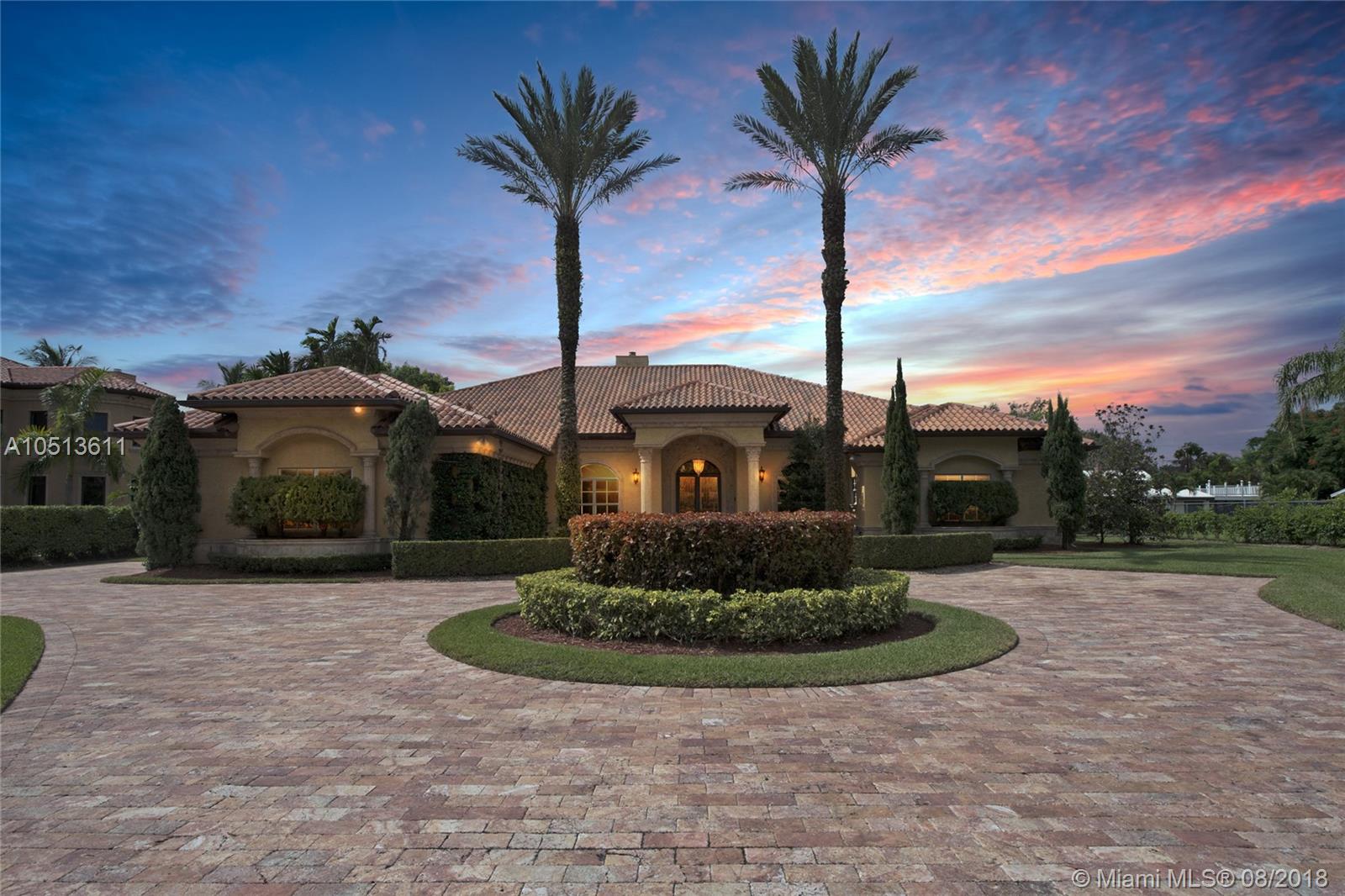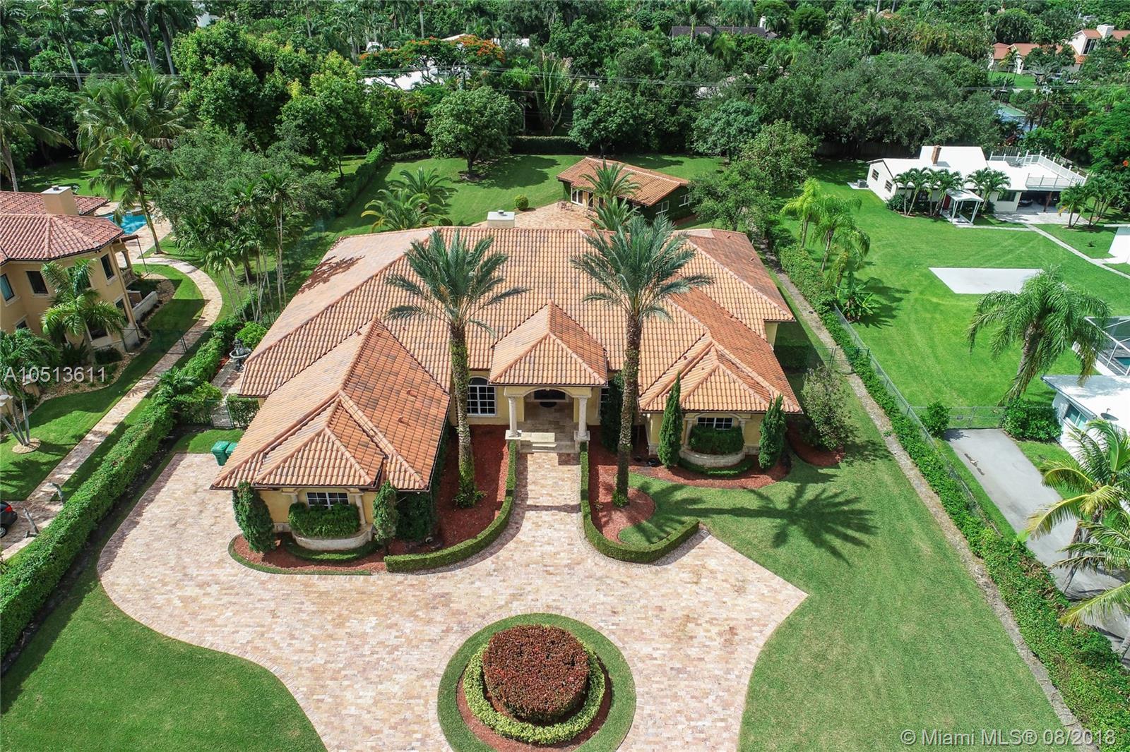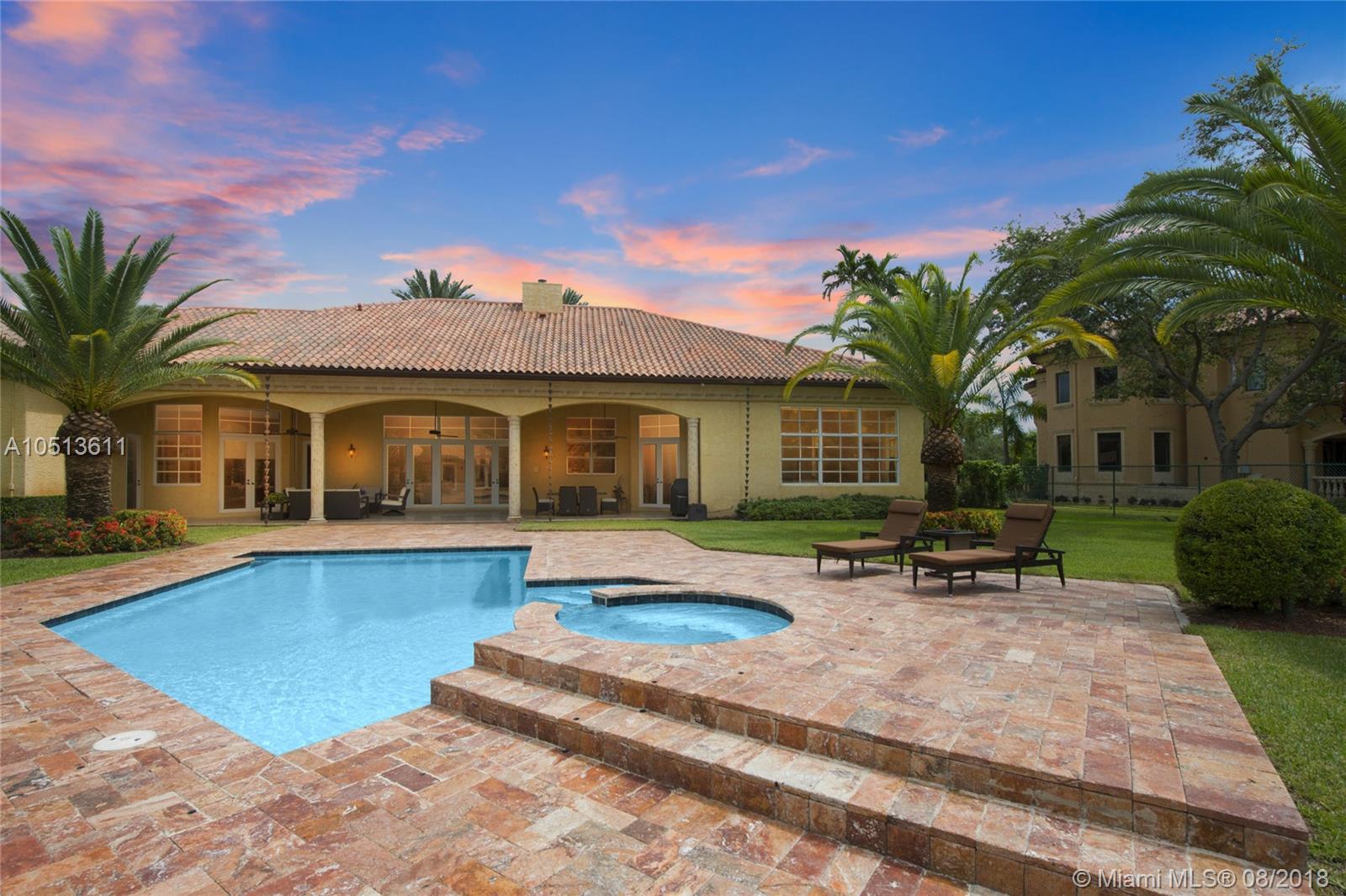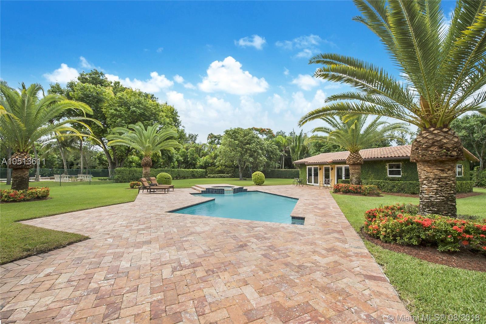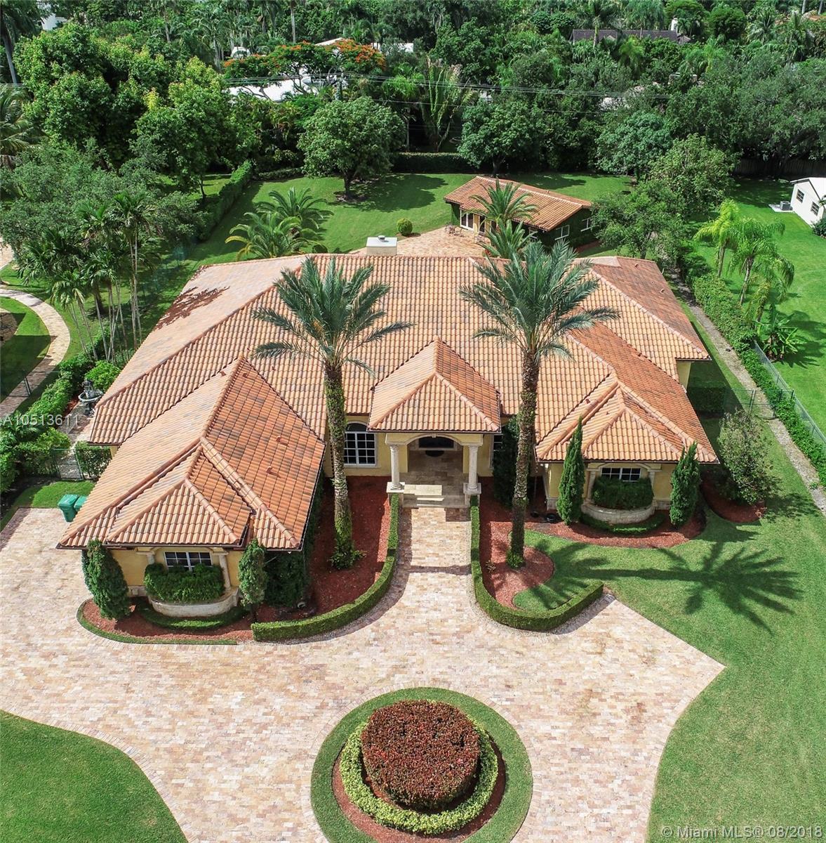 Magnificent Mediterranean design estate home with detached pool/guest house. Home is nestled on lush, gated acre lot in sought after northeast Pinecrest. The main house, 5B/5B with good quality finishes and great appointments, guest house 2B/1B. Beautiful entryway with gorgeous marble floors with onyx inlays, lighted art niches & fireplace. Grand MB w/sitting area and enormous walk-in closet, gourmet kitchen, coffered ceiling in the large family room with wet bar. A home to be enjoyed and relax in!
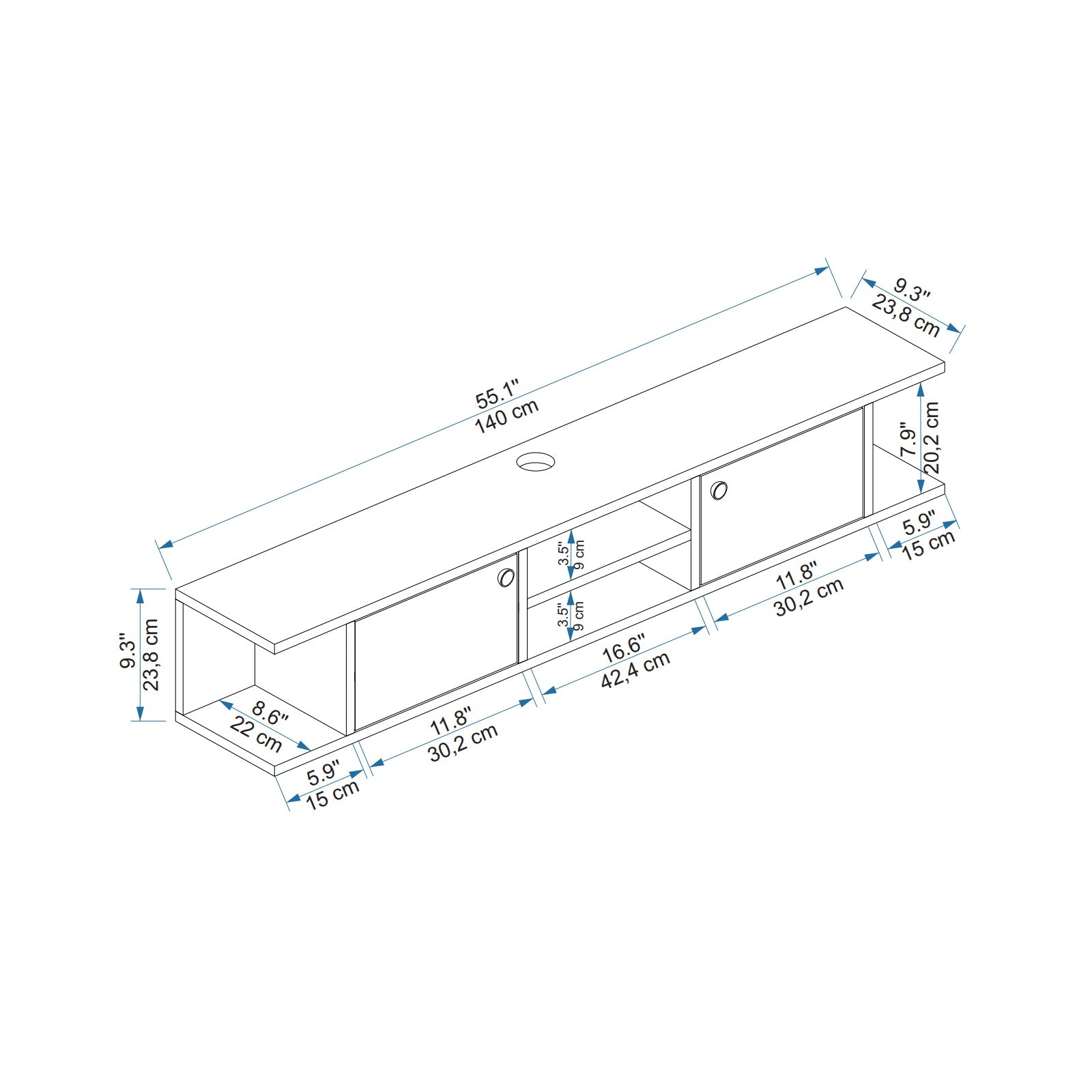 HEIGHT: 9.3" / 23.8 cm | WIDTH: 55.1" / 140 cm | DEPTH: 9.3" / 23.8 cm.
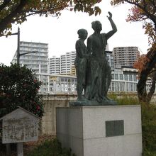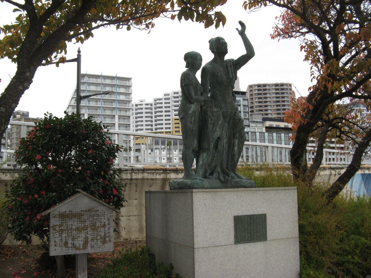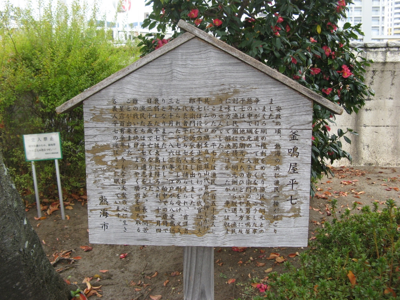 熱海駅から歩いて20分足らず、熱海サンビーチの南端側にあるムーンテラス展望デッキの階段に「釜鳴屋平七夫妻像」がありました。釜鳴屋平七は江戸時代末、まぐろ網の権利を巡って騒動が起こったときに漁民の先頭に立ったことから首謀者として捕えられ島流しとなり35歳の若さで亡くなった人物だそうです。像は平七夫婦が寄り添うように造られて素敵だなあと思いました。
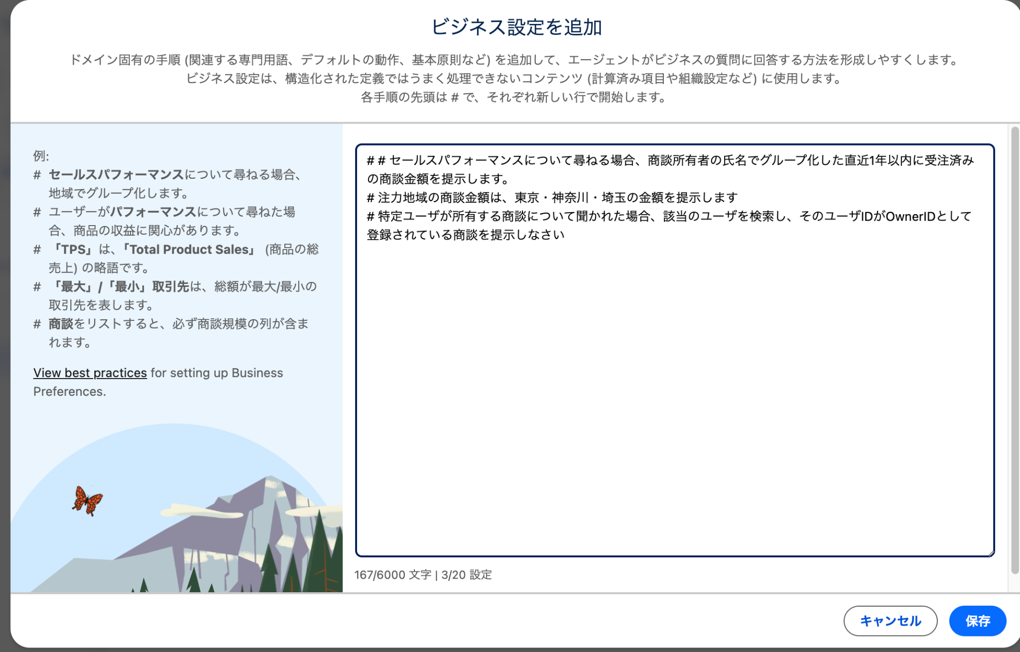 特に、エージェントの分析強化においてはビジネス設定は重要です。関連する専門用語、デフォルトの動作、ガイド原則など、エージェントに対する指示を含めることができます。

_ _ _ _ _

Transcribe only the lines between the line containing "熱海駅から歩いて20分足らず" and the final line of the listing, inclusive, exactly as they appear; no pictures are to be included.

 熱海駅から歩いて20分足らず、熱海サンビーチの南端側にあるムーンテラス展望デッキの階段に「釜鳴屋平七夫妻像」がありました。釜鳴屋平七は江戸時代末、まぐろ網の権利を巡って騒動が起こったときに漁民の先頭に立ったことから首謀者として捕えられ島流しとなり35歳の若さで亡くなった人物だそうです。像は平七夫婦が寄り添うように造られて素敵だなあと思いました。
 特に、エージェントの分析強化においてはビジネス設定は重要です。関連する専門用語、デフォルトの動作、ガイド原則など、エージェントに対する指示を含めることができます。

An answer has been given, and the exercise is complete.